*Work required*:
All of the entries below should be returned verbatim, apart from the pictures.
::: Dataset :::
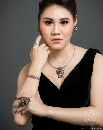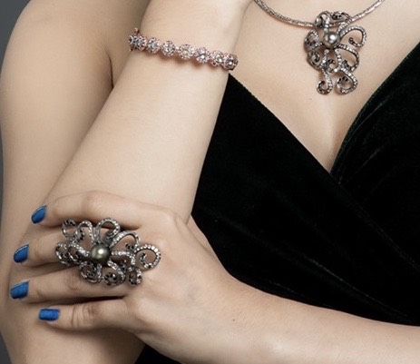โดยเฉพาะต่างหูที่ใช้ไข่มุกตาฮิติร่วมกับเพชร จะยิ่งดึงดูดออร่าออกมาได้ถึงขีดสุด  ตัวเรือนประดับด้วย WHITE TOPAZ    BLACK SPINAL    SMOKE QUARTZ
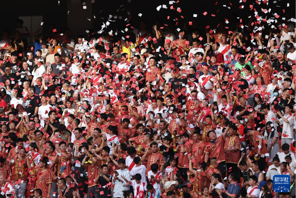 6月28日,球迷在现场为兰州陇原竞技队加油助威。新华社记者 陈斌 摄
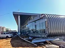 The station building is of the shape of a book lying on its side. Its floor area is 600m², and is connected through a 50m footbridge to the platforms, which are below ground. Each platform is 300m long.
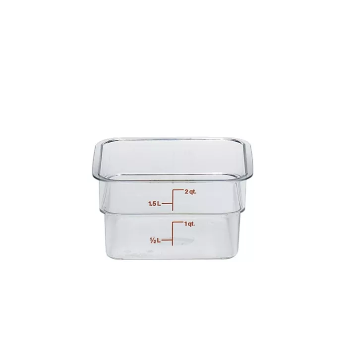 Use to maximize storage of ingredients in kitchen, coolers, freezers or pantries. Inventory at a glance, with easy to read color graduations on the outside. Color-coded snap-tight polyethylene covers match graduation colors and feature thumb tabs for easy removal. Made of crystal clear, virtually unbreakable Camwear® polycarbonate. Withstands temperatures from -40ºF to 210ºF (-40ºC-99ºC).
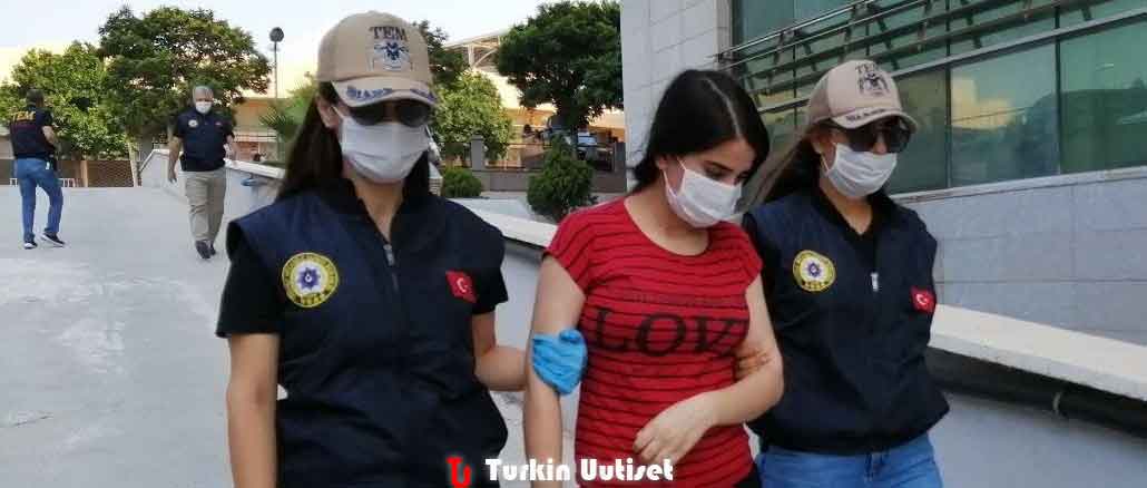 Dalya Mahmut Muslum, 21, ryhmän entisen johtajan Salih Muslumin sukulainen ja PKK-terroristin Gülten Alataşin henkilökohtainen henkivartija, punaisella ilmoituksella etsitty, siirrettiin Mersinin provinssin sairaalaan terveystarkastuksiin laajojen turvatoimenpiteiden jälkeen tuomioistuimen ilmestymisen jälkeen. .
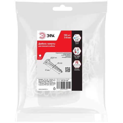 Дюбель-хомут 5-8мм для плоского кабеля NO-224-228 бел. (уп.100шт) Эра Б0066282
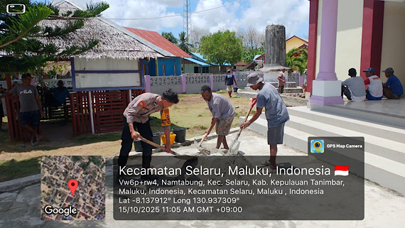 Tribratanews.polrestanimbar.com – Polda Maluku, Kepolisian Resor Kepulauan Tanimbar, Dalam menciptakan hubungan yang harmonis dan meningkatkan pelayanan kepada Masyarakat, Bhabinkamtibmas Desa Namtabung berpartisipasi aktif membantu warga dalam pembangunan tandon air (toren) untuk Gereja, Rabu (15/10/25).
:::
*Answer for this exercise*:
โดยเฉพาะต่างหูที่ใช้ไข่มุกตาฮิติร่วมกับเพชร จะยิ่งดึงดูดออร่าออกมาได้ถึงขีดสุด  ตัวเรือนประดับด้วย WHITE TOPAZ    BLACK SPINAL    SMOKE QUARTZ
 6月28日,球迷在现场为兰州陇原竞技队加油助威。新华社记者 陈斌 摄
 The station building is of the shape of a book lying on its side. Its floor area is 600m², and is connected through a 50m footbridge to the platforms, which are below ground. Each platform is 300m long.
 Use to maximize storage of ingredients in kitchen, coolers, freezers or pantries. Inventory at a glance, with easy to read color graduations on the outside. Color-coded snap-tight polyethylene covers match graduation colors and feature thumb tabs for easy removal. Made of crystal clear, virtually unbreakable Camwear® polycarbonate. Withstands temperatures from -40ºF to 210ºF (-40ºC-99ºC).
 Dalya Mahmut Muslum, 21, ryhmän entisen johtajan Salih Muslumin sukulainen ja PKK-terroristin Gülten Alataşin henkilökohtainen henkivartija, punaisella ilmoituksella etsitty, siirrettiin Mersinin provinssin sairaalaan terveystarkastuksiin laajojen turvatoimenpiteiden jälkeen tuomioistuimen ilmestymisen jälkeen. .
 Дюбель-хомут 5-8мм для плоского кабеля NO-224-228 бел. (уп.100шт) Эра Б0066282
 Tribratanews.polrestanimbar.com – Polda Maluku, Kepolisian Resor Kepulauan Tanimbar, Dalam menciptakan hubungan yang harmonis dan meningkatkan pelayanan kepada Masyarakat, Bhabinkamtibmas Desa Namtabung berpartisipasi aktif membantu warga dalam pembangunan tandon air (toren) untuk Gereja, Rabu (15/10/25).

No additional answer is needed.